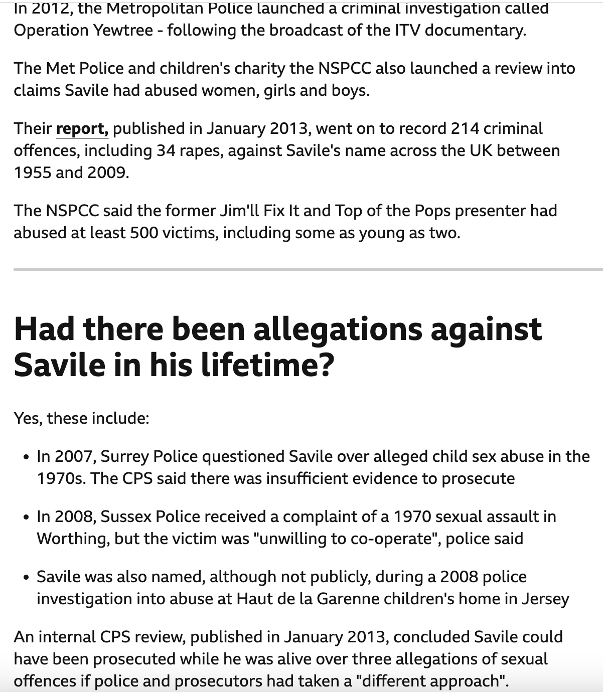 Yikes. So basically someone had to make an entire documentary, and it only got aired after Savile died, and the case opened due to public outcry.
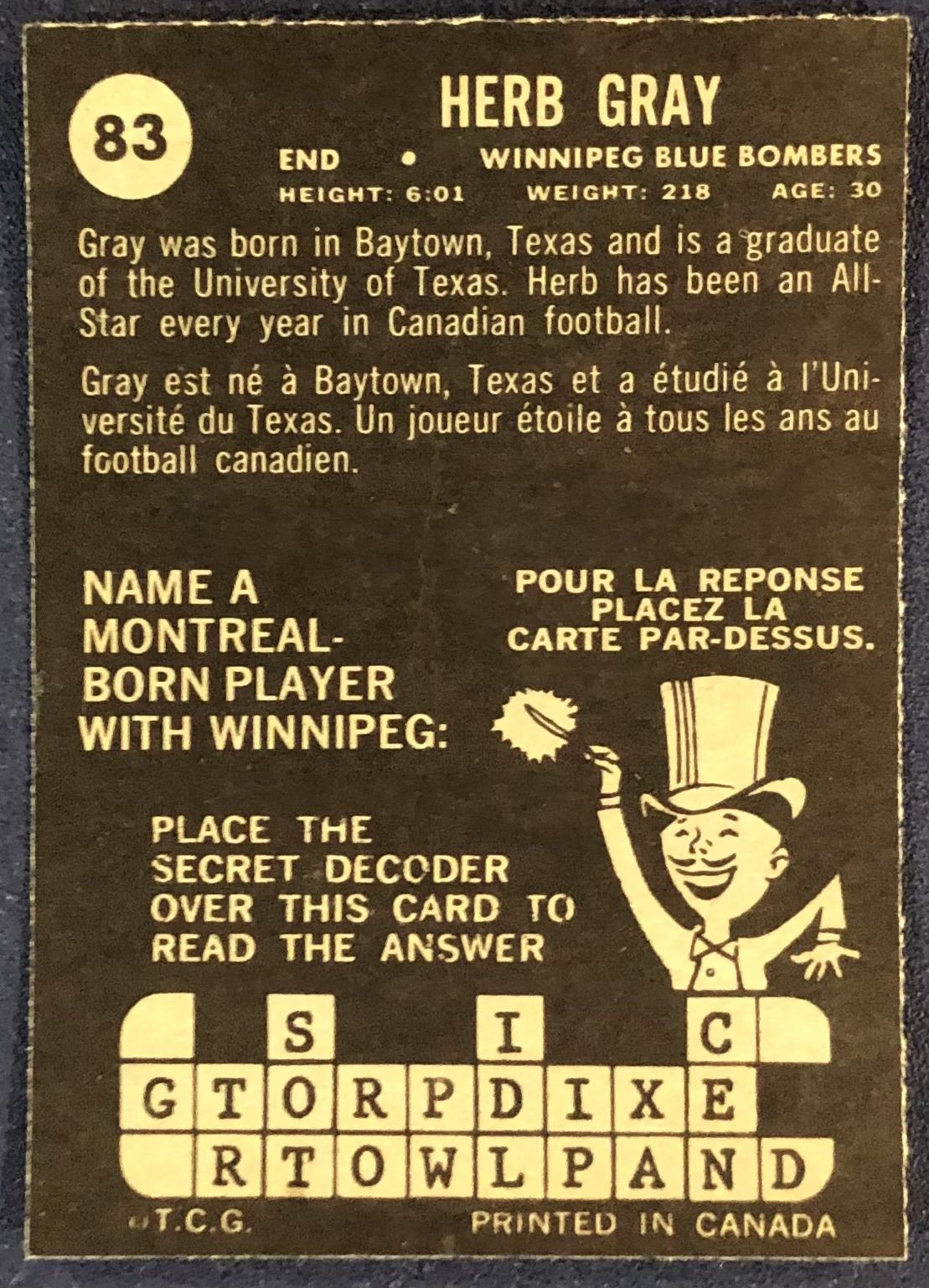 Lot 260 1964 O-PEE-CHEE HERB GRAY (HOF)
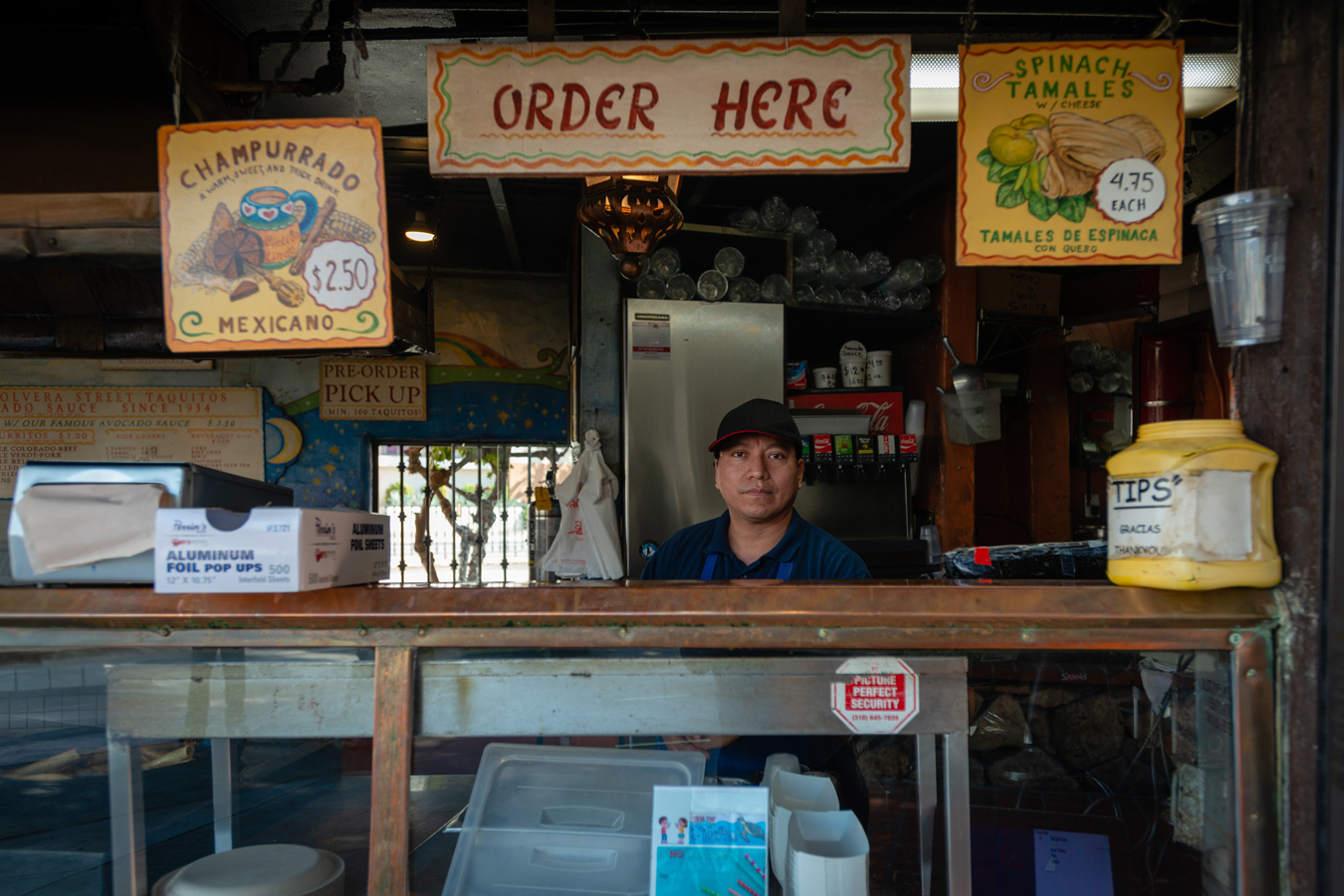 March 2020: Ricardo Gaytan, a cook at Cielito Lindo on Olvera Street, said he feared that with only a few customers a day, the restaurant could close completely. (Heidi de Marco/California Healthline)
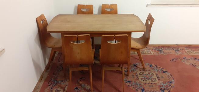 Rajmund Teofil Hałas (Bydgoska Fabryka Mebli), typ: 1329. - Stół (130 x 73 cm) - Sześć krzeseł (85 x 46 x 58 ...
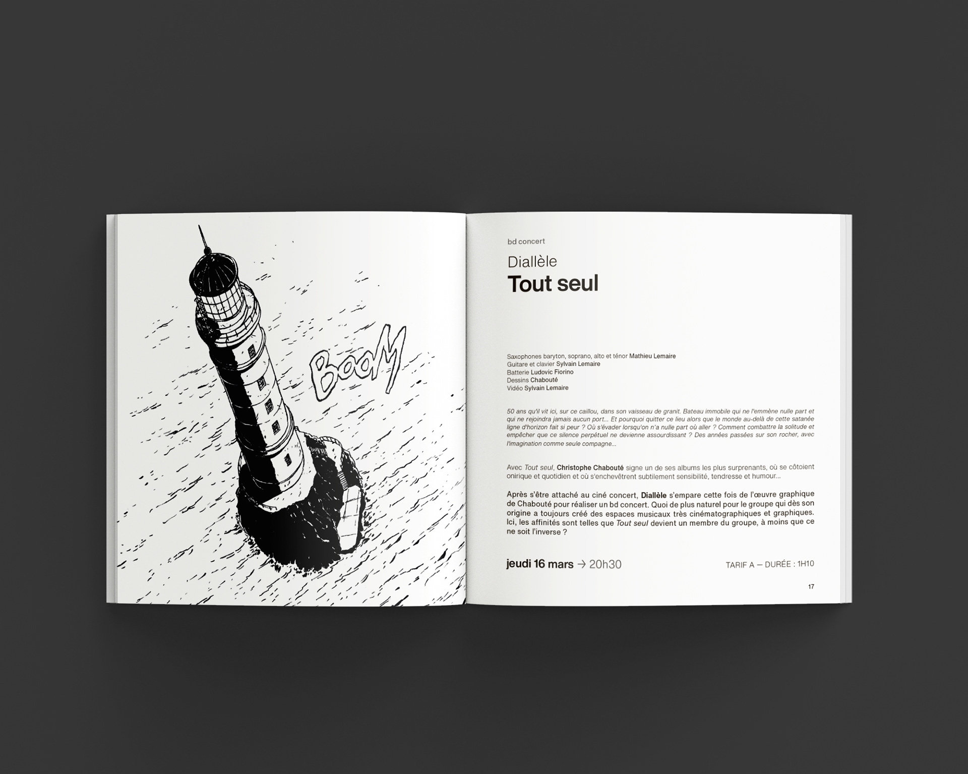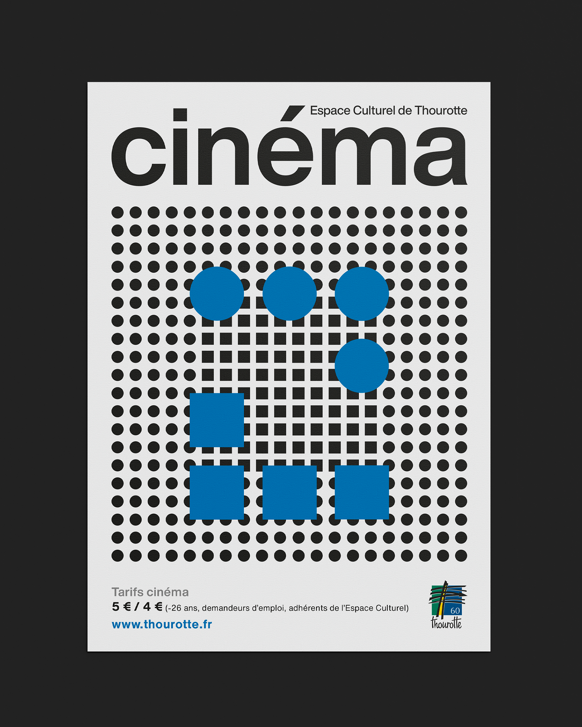 Création du visuel de couverture et mise en page de la plaquette dédiée à la programmation de la saison culturelle 2022/23, création de flyers, sticker et couverture du programme cinéma (2022 - Mairie de Thourotte).

- - -

> _AIM OF THE TASK_
When you reach the line that contains "March 2020: Ricardo" in the records above, copy it and every line after it exactly through the last one, leaving out the pictures.

> _OUTPUT FOR THIS EXERCISE_
 March 2020: Ricardo Gaytan, a cook at Cielito Lindo on Olvera Street, said he feared that with only a few customers a day, the restaurant could close completely. (Heidi de Marco/California Healthline)
 Rajmund Teofil Hałas (Bydgoska Fabryka Mebli), typ: 1329. - Stół (130 x 73 cm) - Sześć krzeseł (85 x 46 x 58 ...
 Création du visuel de couverture et mise en page de la plaquette dédiée à la programmation de la saison culturelle 2022/23, création de flyers, sticker et couverture du programme cinéma (2022 - Mairie de Thourotte).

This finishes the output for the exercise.